В. Л. Журнал пользовался любовью русской интеллигенции. Качество журнала ведь не зависит от тиража. А нравственный, заповедальный журнал и не мог иметь супервысокий тираж. Знающий читатель "Север" любил. Журнал печатал настоящую литературу. И писатели посылали произведения из самых разных мест России. Иван Евсеенко из Воронежа, Виктор Лихоносов и Анатолий Знаменский из Краснодара. "Север" как-то легко перешагнул все пространственные рамки, вышел на всероссийские просторы. Никакой другой провинциальный журнал не имел в те годы такой известности. И дай Бог теперь, в наши тяжелейшие годы, выжить и идти дальше, в литературу третьего тысячелетия. Никто не знает, что нам заповедано. И у журнала, если сильно радеть о нем, может появиться новая полоса жизни. И на Севере могут появиться яркие имена. Им есть с чем себя сравнивать, планка высоты прежнего "Севера" останется уже навсегда.
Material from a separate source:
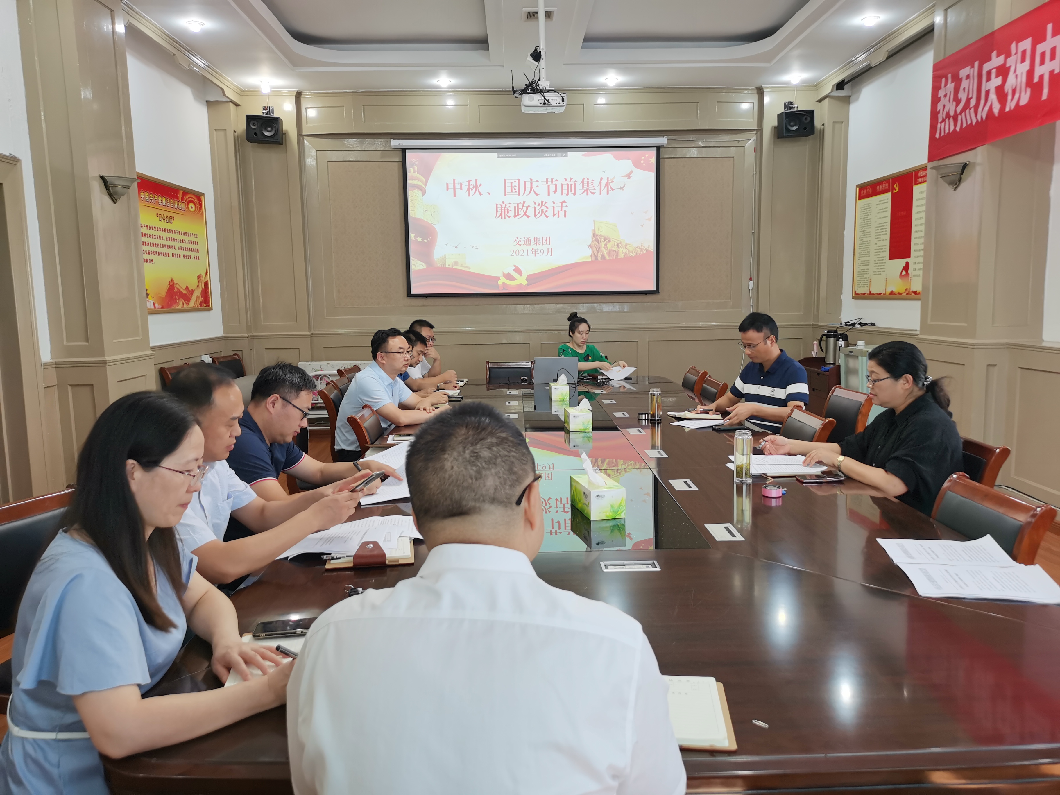 中秋、国庆节将至,为切实加强党风廉政建设,确保干部职工过一个廉洁、节俭、文明、和谐的节日,9月16日上午,交通集团召开2021年中秋国庆“两节”节前集体廉政谈话会议,会议由党支部书记孙克勤主持,总经理宣有金以及集团中层干部参加会议。

Из Вологды пришел Василий Иванович Белов, опубликовал "Привычное дело", но этим он не только славу журналу создал. Он зарядил своим творческим порывом многих авторов. Возбудил самолюбие всего Севера русского. Самолюбие писателей. Он дал пример, как из самого простого крестьянского быта добыть бытие. Появились именно после "Привычного дела" и Виталий Маслов, и я им зарядился, и Юра Галкин, Виктор Коротаев, Володя Шириков, Вася Оботуров. Появился сразу какой-то фундамент у северной литературы. Стало ясно, от чего отталкиваться надо. Тем и ценны еще талантливые вещи, что вызывают к жизни новых писателей и свежие идеи. Так было после Николая Рубцова, после Юрия Кузнецова. Так будет и дальше. "Север" должен искать молодых писателей. Создавать новое культурное поле.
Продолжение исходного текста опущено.